Data to use:
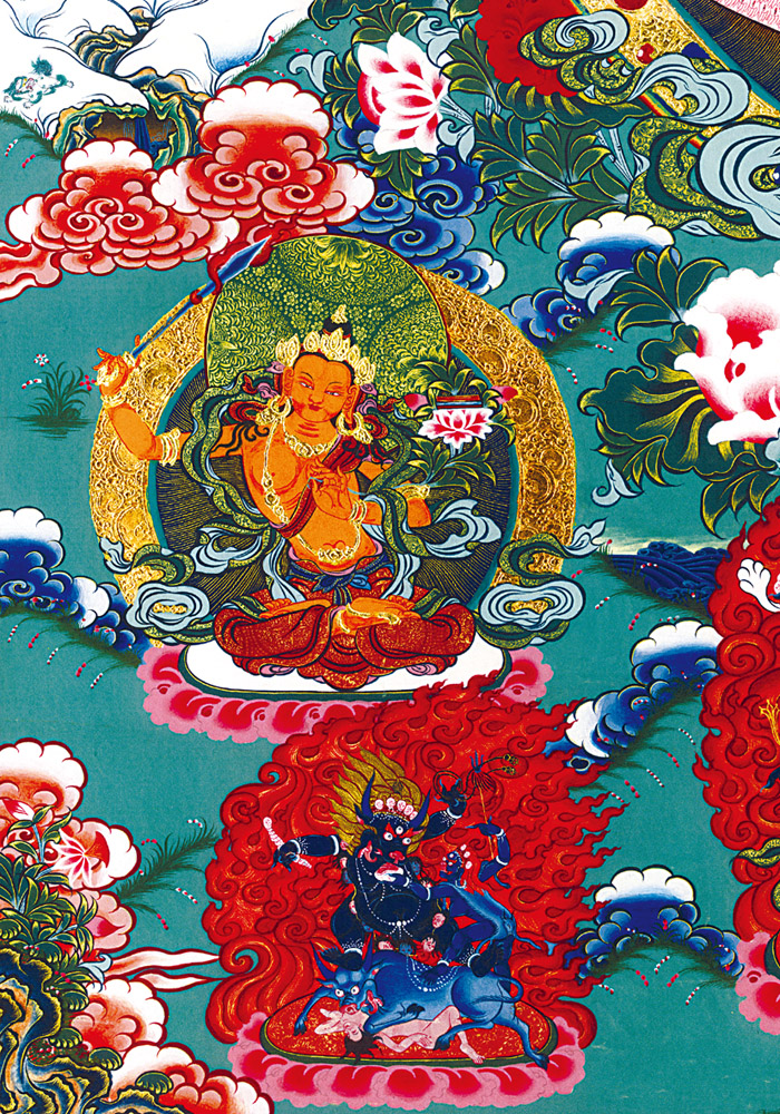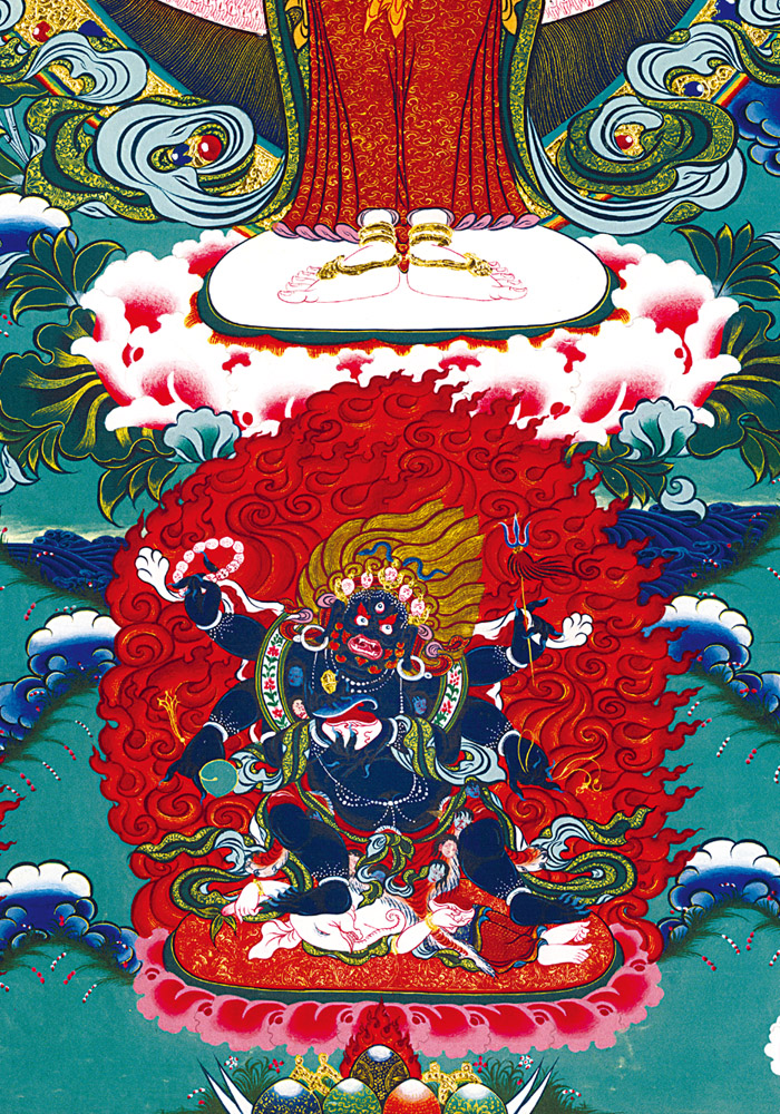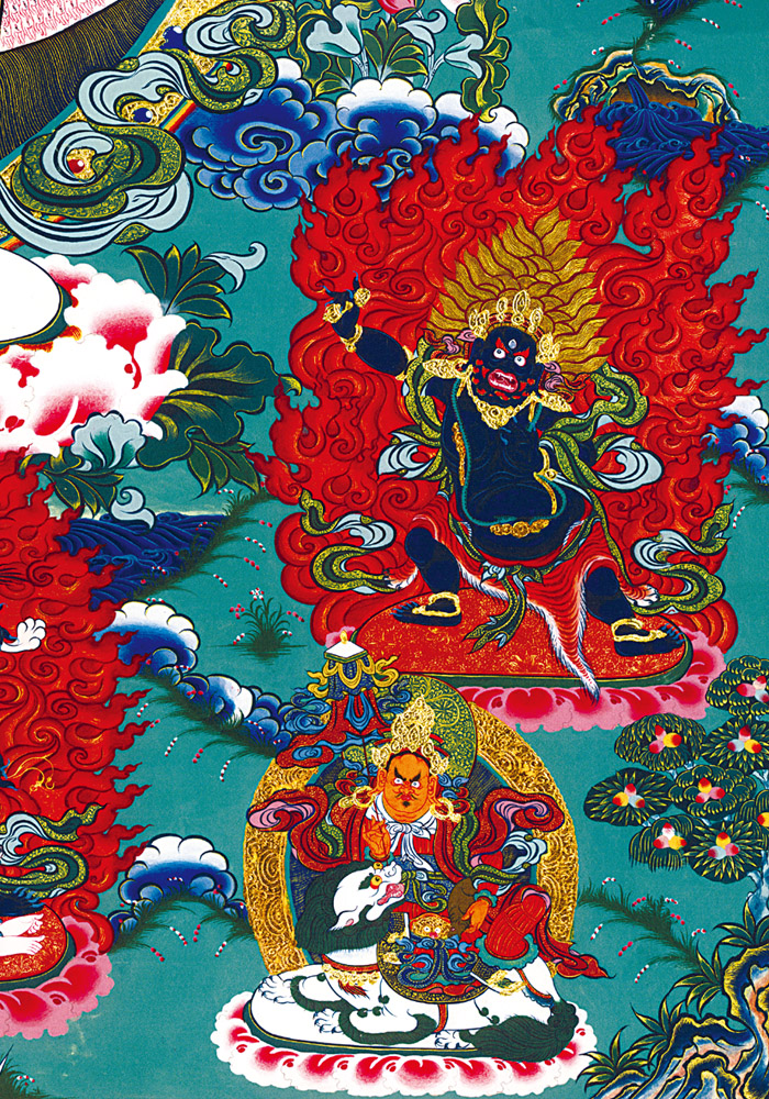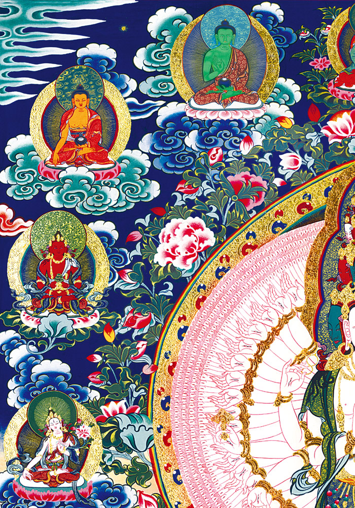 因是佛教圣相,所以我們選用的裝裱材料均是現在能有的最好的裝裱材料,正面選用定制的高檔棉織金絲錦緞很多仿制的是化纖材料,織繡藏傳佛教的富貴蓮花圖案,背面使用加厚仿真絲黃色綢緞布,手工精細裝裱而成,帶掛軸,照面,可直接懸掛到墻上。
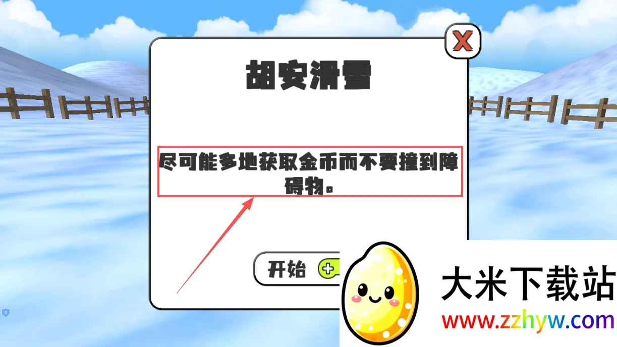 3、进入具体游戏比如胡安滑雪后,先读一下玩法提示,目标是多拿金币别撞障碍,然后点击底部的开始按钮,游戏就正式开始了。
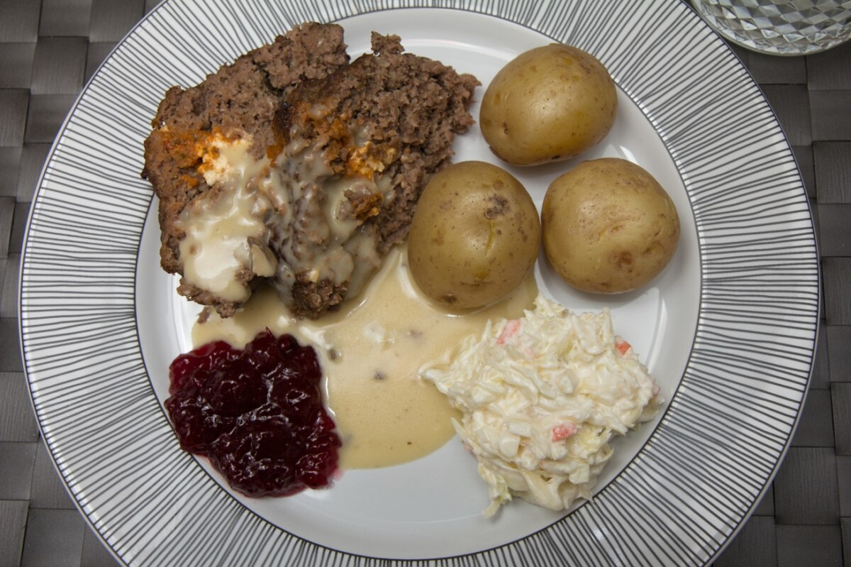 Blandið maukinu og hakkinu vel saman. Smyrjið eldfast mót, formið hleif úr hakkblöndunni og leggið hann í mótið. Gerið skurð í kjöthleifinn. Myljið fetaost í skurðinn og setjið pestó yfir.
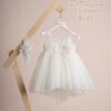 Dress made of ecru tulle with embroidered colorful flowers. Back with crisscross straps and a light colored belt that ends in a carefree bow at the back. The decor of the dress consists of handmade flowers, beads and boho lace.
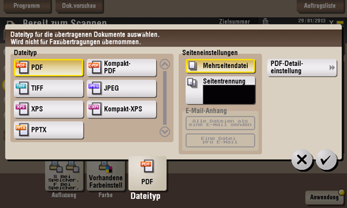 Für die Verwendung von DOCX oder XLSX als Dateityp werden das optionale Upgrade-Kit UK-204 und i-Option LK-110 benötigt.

Work instructions: The lines to repeat run from the line containing "Dress made of" through the end of the listing above, both included; give them exactly and without pictures.

Exercise output:
 Dress made of ecru tulle with embroidered colorful flowers. Back with crisscross straps and a light colored belt that ends in a carefree bow at the back. The decor of the dress consists of handmade flowers, beads and boho lace.
 Für die Verwendung von DOCX oder XLSX als Dateityp werden das optionale Upgrade-Kit UK-204 und i-Option LK-110 benötigt.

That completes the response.